**Task goal:** The line containing "Cenově zvýhodněný set" and each line after it, through the final line of the data, are to be retyped exactly, with pictures left out.

┄┄┄┄┄┄

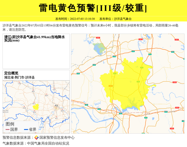 沙洋县气象台2022年07月03日13时06分发布雷电黄色预警信号:预计未来6小时,我县部分乡镇将有雷电活动,局部雨量20-40毫米,请注意防范。 信息来源:国家预警信息发布中心; 发布单位:沙洋县气象台。
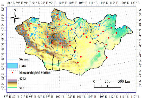 The nation of Mongolia is adjacent to northern China and southern Russia, covering an area of approximate 1.56 × 106 km2 bounded between 41.59°N–52.14°N and between 87.76°E–119.93°E (Figure 1). The average elevation is about 1500 m and decreases gradually from the west to the east. This region is characterized by an extreme continental climate, with long and frigid winters, and short and warm summers. The hottest air temperature record is 35 °C in summer and the coldest temperature is −45 °C in winter. Mean annual precipitation is approximately 200 mm and more than 200 mm in the north and less than 100 mm in the south, with about 70% falling in July and August [24]. The precipitation shows a decreasing trend from north to south, while air temperature increases from south to north. Permafrost is mainly distributed in the northern part of Mongolia. Land cover types consist of forest, grassland, cropland, desert, and barren from north to south in Mongolia, of which desert occupies about a quarter of the area in the southern part, and grassland is the dominant vegetation type in the center part.
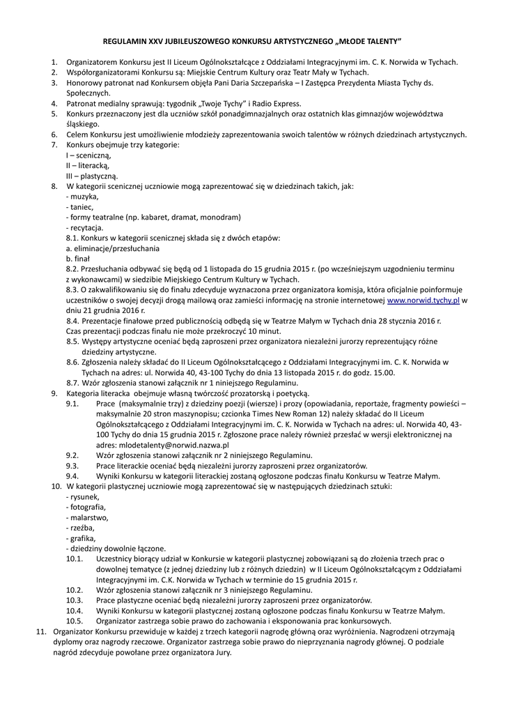 REGULAMIN XXV JUBILEUSZOWEGO KONKURSU ARTYSTYCZNEGO „MŁODE TALENTY” 1. 2. 3. Organizatorem Konkursu jest II Liceum Ogólnokształcące z Oddziałami Integracyjnymi im. C. K. Norwida w Tychach. Współorganizatorami Konkursu są: Miejskie Centrum Kultury oraz Teatr Mały w Tychach. Honorowy patronat nad Konkursem objęła Pani Daria Szczepańska – I Zastępca Prezydenta Miasta Tychy ds. Społecznych. 4. Patronat medialny sprawują: tygodnik „Twoje Tychy” i Radio Express. 5. Konkurs przeznaczony jest dla uczniów szkół ponadgimnazjalnych oraz ostatnich klas gimnazjów województwa śląskiego. 6. Celem Konkursu jest umożliwienie młodzieży zaprezentowania swoich talentów w różnych dziedzinach artystycznych. 7. Konkurs obejmuje trzy kategorie: I – sceniczną, II – literacką, III – plastyczną. 8. W kategorii scenicznej uczniowie mogą zaprezentować się w dziedzinach takich, jak: - muzyka, - taniec, - formy teatralne (np. kabaret, dramat, monodram) - recytacja. 8.1. Konkurs w kategorii scenicznej składa się z dwóch etapów: a. eliminacje/przesłuchania b. finał 8.2. Przesłuchania odbywać się będą od 1 listopada do 15 grudnia 2015 r. (po wcześniejszym uzgodnieniu terminu z wykonawcami) w siedzibie Miejskiego Centrum Kultury w Tychach. 8.3. O zakwalifikowaniu się do finału zdecyduje wyznaczona przez organizatora komisja, która oficjalnie poinformuje uczestników o swojej decyzji drogą mailową oraz zamieści informację na stronie internetowej www.norwid.tychy.pl w dniu 21 grudnia 2016 r. 8.4. Prezentacje finałowe przed publicznością odbędą się w Teatrze Małym w Tychach dnia 28 stycznia 2016 r. Czas prezentacji podczas finału nie może przekroczyć 10 minut. 8.5. Występy artystyczne oceniać będą zaproszeni przez organizatora niezależni jurorzy reprezentujący różne dziedziny artystyczne. 8.6. Zgłoszenia należy składać do II Liceum Ogólnokształcącego z Oddziałami Integracyjnymi im. C. K. Norwida w Tychach na adres: ul. Norwida 40, 43-100 Tychy do dnia 13 listopada 2015 r. do godz. 15.00. 8.7. Wzór zgłoszenia stanowi załącznik nr 1 niniejszego Regulaminu. 9. Kategoria literacka obejmuje własną twórczość prozatorską i poetycką. 9.1. Prace (maksymalnie trzy) z dziedziny poezji (wiersze) i prozy (opowiadania, reportaże, fragmenty powieści – maksymalnie 20 stron maszynopisu; czcionka Times New Roman 12) należy składać do II Liceum Ogólnokształcącego z Oddziałami Integracyjnymi im. C. K. Norwida w Tychach na adres: ul. Norwida 40, 43100 Tychy do dnia 15 grudnia 2015 r. Zgłoszone prace należy również przesłać w wersji elektronicznej na adres: [email protected] 9.2. Wzór zgłoszenia stanowi załącznik nr 2 niniejszego Regulaminu. 9.3. Prace literackie oceniać będą niezależni jurorzy zaproszeni przez organizatorów. 9.4. Wyniki Konkursu w kategorii literackiej zostaną ogłoszone podczas finału Konkursu w Teatrze Małym. 10. W kategorii plastycznej uczniowie mogą zaprezentować się w następujących dziedzinach sztuki: - rysunek, - fotografia, - malarstwo, - rzeźba, - grafika, - dziedziny dowolnie łączone. 10.1. Uczestnicy biorący udział w Konkursie w kategorii plastycznej zobowiązani są do złożenia trzech prac o dowolnej tematyce (z jednej dziedziny lub z różnych dziedzin) w II Liceum Ogólnokształcącym z Oddziałami Integracyjnymi im. C.K. Norwida w Tychach w terminie do 15 grudnia 2015 r. 10.2. Wzór zgłoszenia stanowi załącznik nr 3 niniejszego Regulaminu. 10.3. Prace plastyczne oceniać będą niezależni jurorzy zaproszeni przez organizatorów. 10.4. Wyniki Konkursu w kategorii plastycznej zostaną ogłoszone podczas finału Konkursu w Teatrze Małym. 10.5. Organizator zastrzega sobie prawo do zachowania i eksponowania prac konkursowych. 11. Organizator Konkursu przewiduje w każdej z trzech kategorii nagrodę główną oraz wyróżnienia. Nagrodzeni otrzymają dyplomy oraz nagrody rzeczowe. Organizator zastrzega sobie prawo do nieprzyznania nagrody głównej. O podziale nagród zdecyduje powołane przez organizatora Jury.
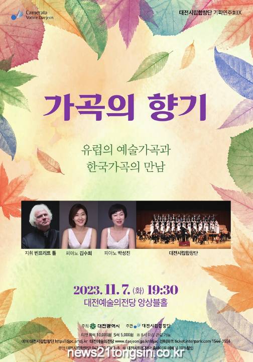 대전시립합창단은 11월 7일 화요일 오후 7시 30분 대전예술의전당 앙상블홀에서 기획연주회Ⅸ <가곡의 향기> 연주회를 개최한다.
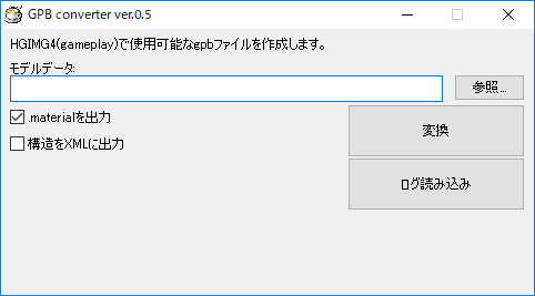 出力されたFBXファイルをHSP3(HGIMG4)から使用するためには、モデルデータを.gpbファイルに変換する必要があります。 .gpbファイルへの変換は、同梱されているGPB converter(gpbconv.exe)を使用します。ツールから、FBXファイルを選択して「変換」ボタンを押すことで、FBXファイルと同名の.gpbファイルと、.materialファイルが生成されます。
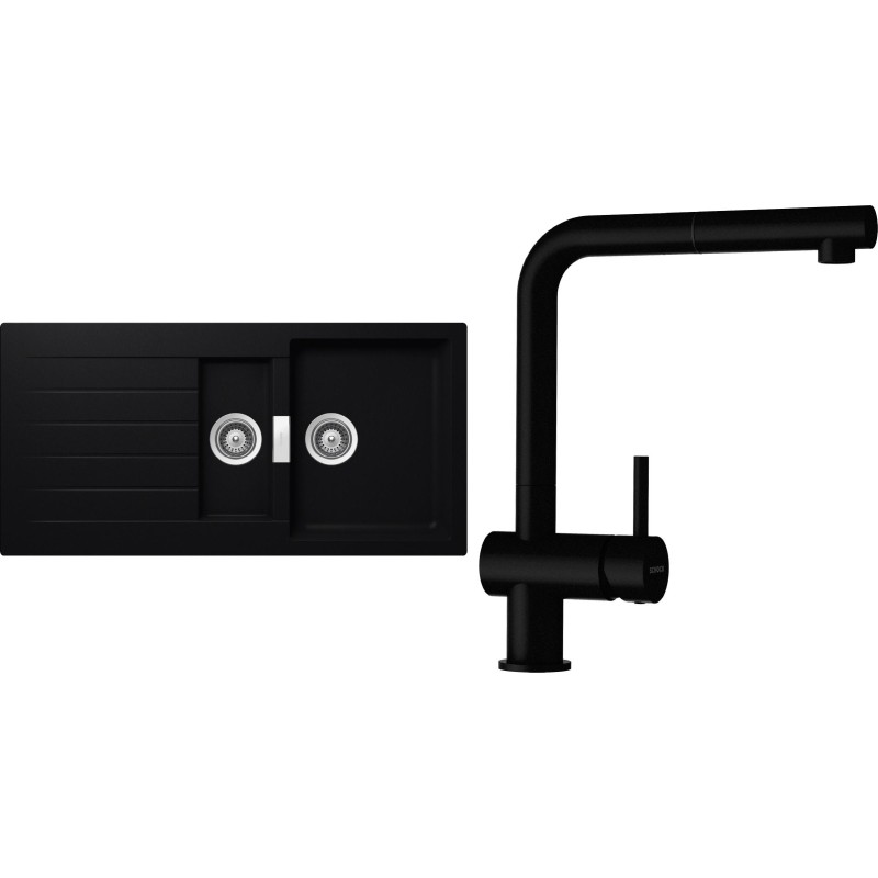 Cenově zvýhodněný set dřezu a baterie Schock S3-2 - obsahuje granitový dřez s vaničkou a odkapem Signus D-150 Puro a baterii s vytahovací koncovkou Epos.120 Puro.
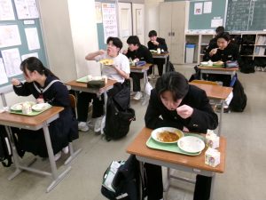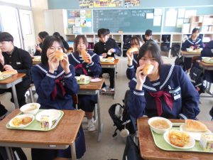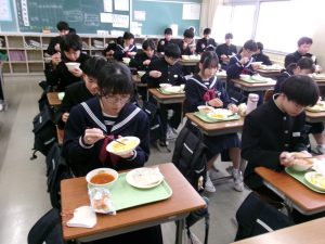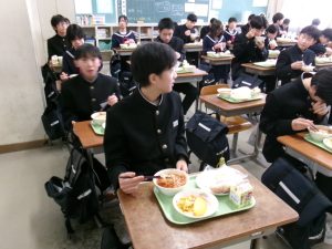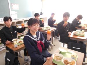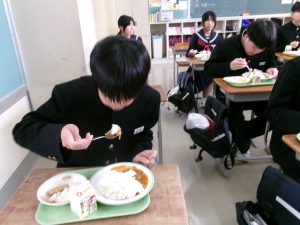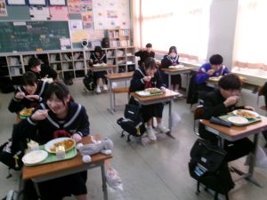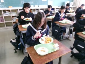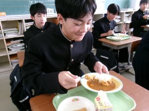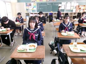 今日の給食は「ちょっとさみしー」と言いながらも、楽しくいただきました。
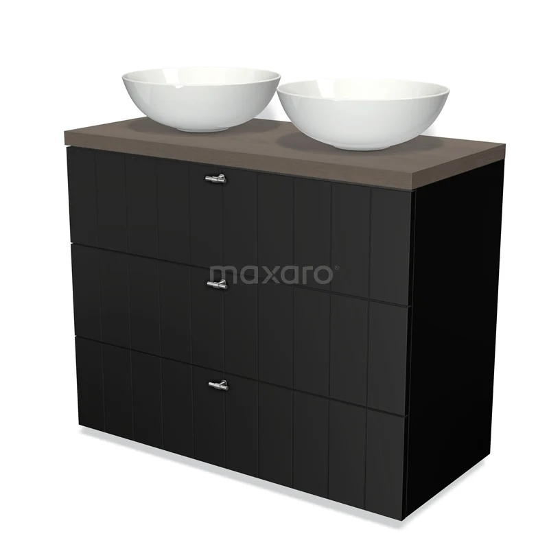 Modulo Plato Vanity units for countertop basin | 100 cm Matte black Slat front Dark brown oak worktop 3 drawers
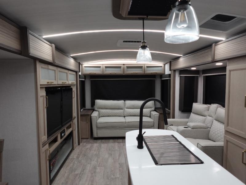 A spacious rear living area is created by two opposing slide outs giving everyone plenty of floor space to move from the sofa sleeper to the double entry bathroom and front private bedroom. You can relax on the theater seats while watching the 50" HDTV with fireplace below, and dine at the dinette. The kitchen island is a great place to wash the veggies and fruit, and prepare meals. The cook will have full amenities including more counter space near the microwave. And there is an outside kitchen with a flip-out stove and more. The slide out king bed gives you more space in the front bedroom, and you will find plenty of storage and a place for your best friend in the built-in pet kennel.

┄┄┄┄┄┄

**Answer box:**
 Cenově zvýhodněný set dřezu a baterie Schock S3-2 - obsahuje granitový dřez s vaničkou a odkapem Signus D-150 Puro a baterii s vytahovací koncovkou Epos.120 Puro.
 今日の給食は「ちょっとさみしー」と言いながらも、楽しくいただきました。
 Modulo Plato Vanity units for countertop basin | 100 cm Matte black Slat front Dark brown oak worktop 3 drawers
 A spacious rear living area is created by two opposing slide outs giving everyone plenty of floor space to move from the sofa sleeper to the double entry bathroom and front private bedroom. You can relax on the theater seats while watching the 50" HDTV with fireplace below, and dine at the dinette. The kitchen island is a great place to wash the veggies and fruit, and prepare meals. The cook will have full amenities including more counter space near the microwave. And there is an outside kitchen with a flip-out stove and more. The slide out king bed gives you more space in the front bedroom, and you will find plenty of storage and a place for your best friend in the built-in pet kennel.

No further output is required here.